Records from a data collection
Start of Block

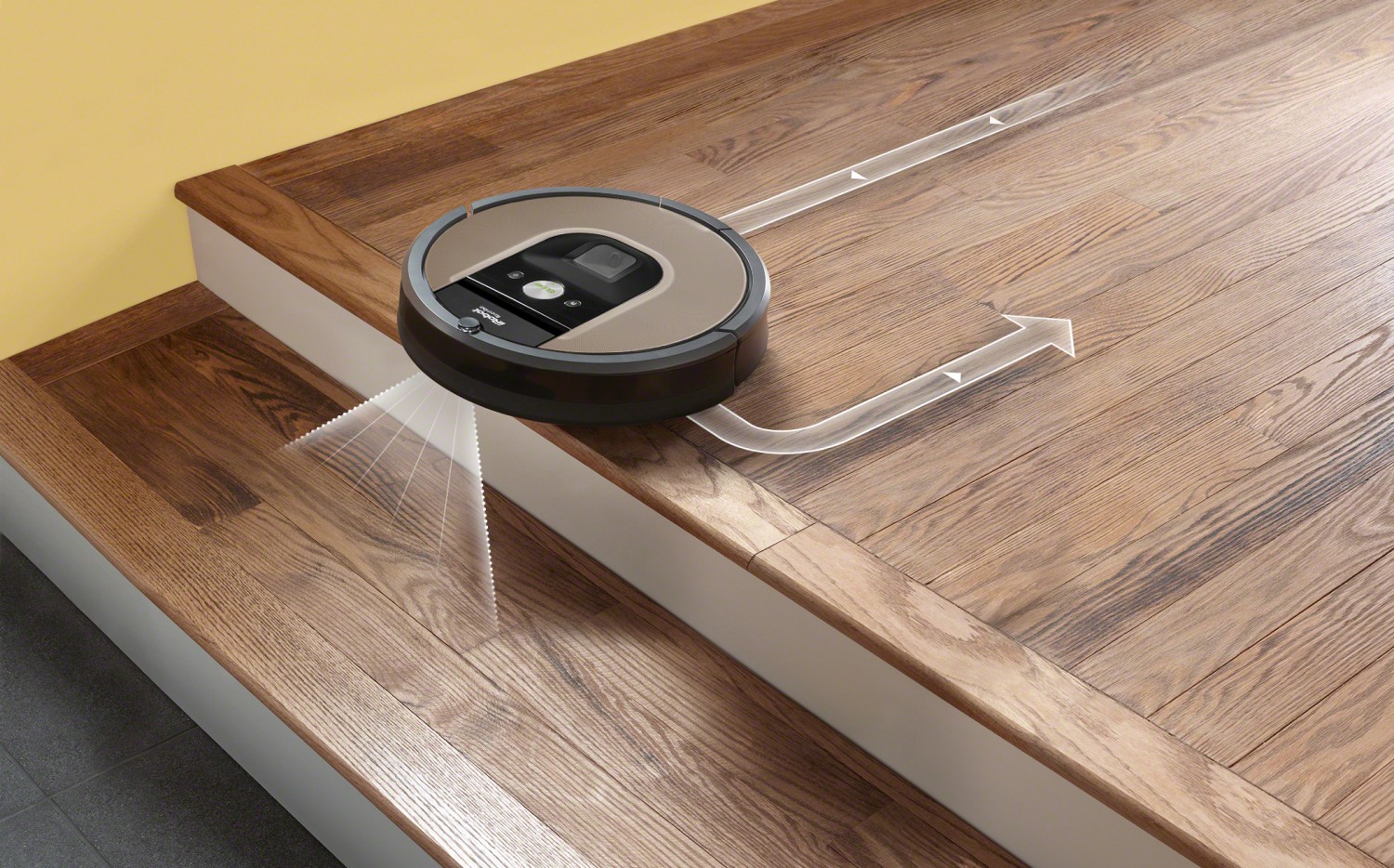 Senzorii speciali sunt plasați în partea de jos a robotului și prin ei poate recunoaște din timp spațiul liber de dedesubt, eliminând astfel, posibilitatea de a cădea. Roomba 966 se oprește, se întoarce, și continuă curățarea pe podea.
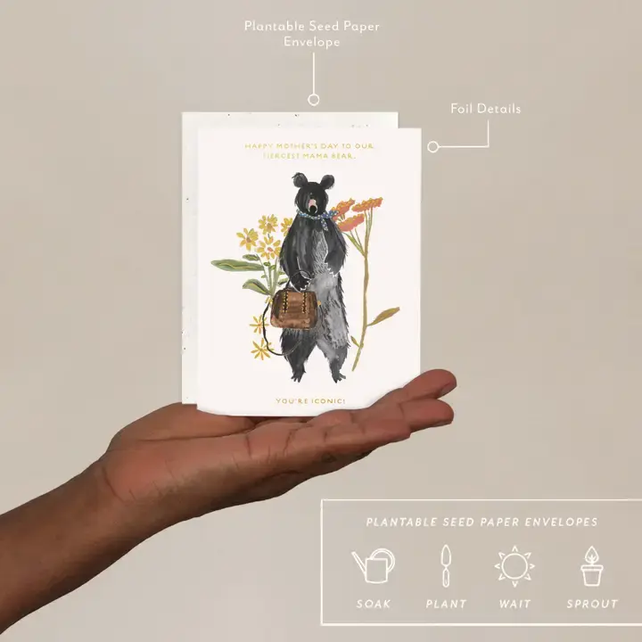 All Seedlings greeting cards have foil details and a PLANTABLE seed paper envelope which is embedded with wildflower seeds. This seed paper is made of a biodegradable eco-paper created with post-consumer materials - no trees harmed for this paper! When planted, our envelopes compost away leaving only flowers behind. Blank inside, our cards are printed on premium paper and are all accented with foil details. All Seedlings cards are made in the U.S.A.
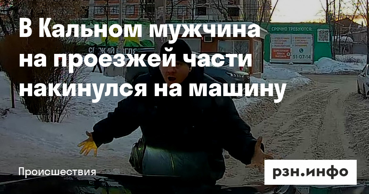 В Кальном мужчина на проезжей части накинулся на машину. Ролик инцидента опубликован в группе «» во вторник, 18 января.
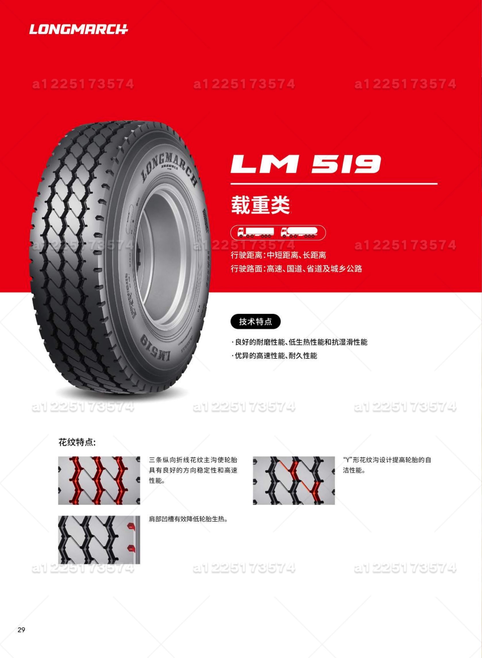 1.优异的耐磨性能、高速性能、耐久性能和舒适性能2.独特的胎圈结构设计提供优异的胎圈耐久性3.超低的滚动阻力,更低的行驶温度,更节省燃油
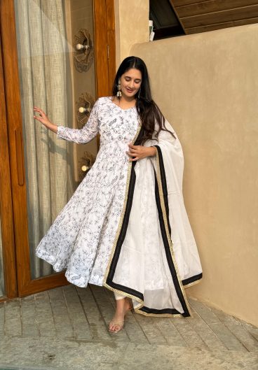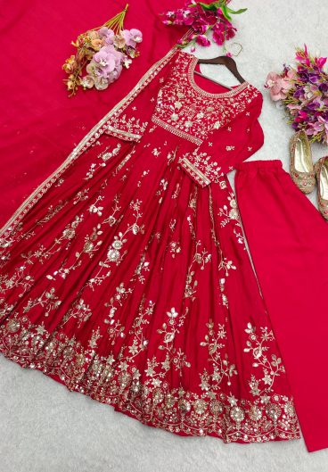 Pure Cinon Silk With Heavy Embroidery Coding Dori and 3-5mm Sequence Work Anarkali Salwar Kameez
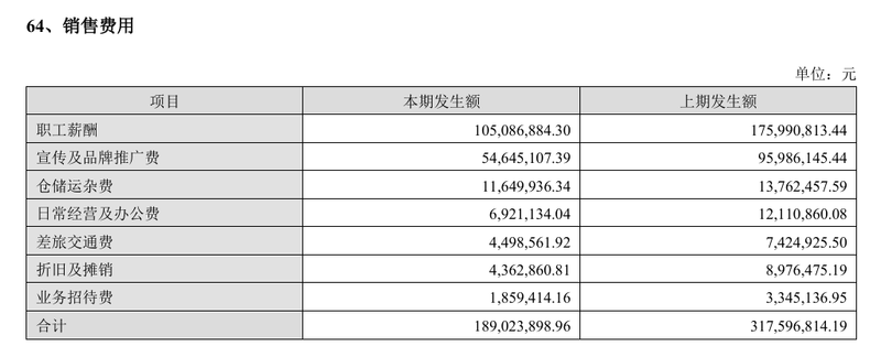 今年上半年,华致酒行的销售费用大幅下滑,主要系销售人员数量减少随之职工薪酬费用同比下降。记者注意到,除了职工薪酬大幅减少,华致酒行的宣传及品牌推广费也显著下滑。
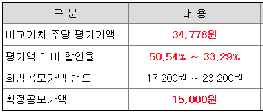 당초 공모 희망 가격 하단보다도 2,200원 하향 조정하여 결정된 것입니다.
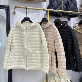 轻薄款羽绒服女2021年秋冬新款收腰修身薄款连帽短...
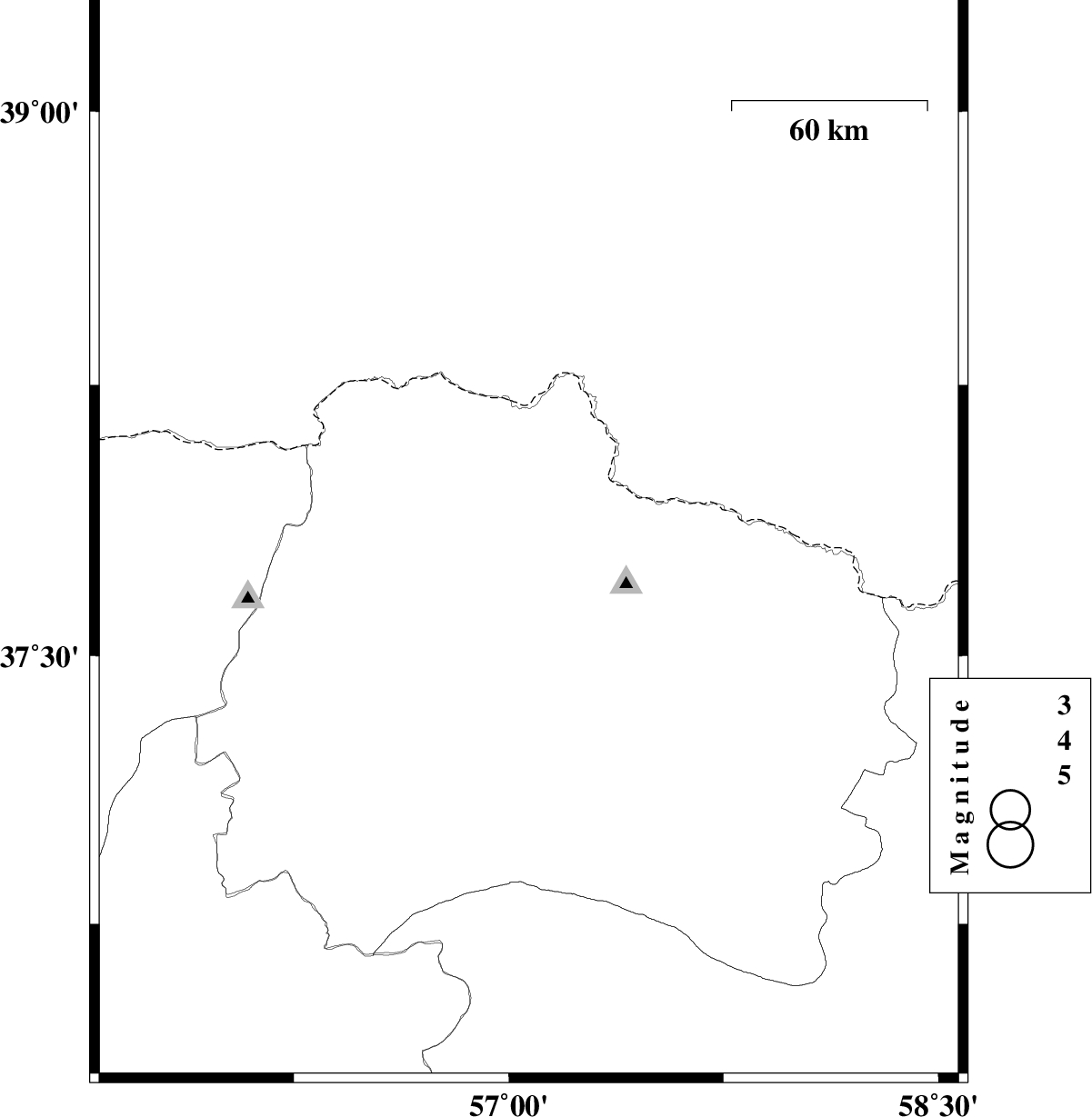 2011/06/04 | 21:45:54.2 | 02:15:54.2 | 37.83 | 57.07 | 42 | ML:3 | Khorasan(north) Province, 33 km North-East of Ashkhaneh | ||
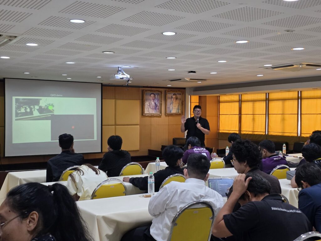 โครงการดังกล่าวจัดขึ้นเพื่อให้ความรู้เกี่ยวกับการบริหารจัดการเทคโนโลยีคอมพิวเตอร์ควอนตัม และส่งเสริมสนับสนุนให้บุคลากรตระหนักถึงภัยคุกคามทางไซเบอร์ที่อาจเกิดขึ้น รวมถึงแนวทางการใช้ระบบรักษาความปลอดภัยควอนตัมอย่างถูกต้อง โดยได้รับเกียรติจาก ดร.ภูมิพงศ์ ไชยวงศ์คต ศูนย์ความเป็นเลิศด้านฟิสิกส์ เป็นวิทยากรบรรยายหัวข้อ “การสื่อสารที่ปลอดภัยแบบควอนตัม (Quantum Secure Communication: QSC)”

End of Block

WHAT NEEDS TO BE DONE -
Your copy must start at the line that holds "당초 공모 희망 가격 하단보다도 2,200원 하향 조정하여 결정된 것입니다." and end at the last line of the data, both included; it must contain no pictures.

ANSWER BOX -
 당초 공모 희망 가격 하단보다도 2,200원 하향 조정하여 결정된 것입니다.
 轻薄款羽绒服女2021年秋冬新款收腰修身薄款连帽短...
 2011/06/04 | 21:45:54.2 | 02:15:54.2 | 37.83 | 57.07 | 42 | ML:3 | Khorasan(north) Province, 33 km North-East of Ashkhaneh | ||
 โครงการดังกล่าวจัดขึ้นเพื่อให้ความรู้เกี่ยวกับการบริหารจัดการเทคโนโลยีคอมพิวเตอร์ควอนตัม และส่งเสริมสนับสนุนให้บุคลากรตระหนักถึงภัยคุกคามทางไซเบอร์ที่อาจเกิดขึ้น รวมถึงแนวทางการใช้ระบบรักษาความปลอดภัยควอนตัมอย่างถูกต้อง โดยได้รับเกียรติจาก ดร.ภูมิพงศ์ ไชยวงศ์คต ศูนย์ความเป็นเลิศด้านฟิสิกส์ เป็นวิทยากรบรรยายหัวข้อ “การสื่อสารที่ปลอดภัยแบบควอนตัม (Quantum Secure Communication: QSC)”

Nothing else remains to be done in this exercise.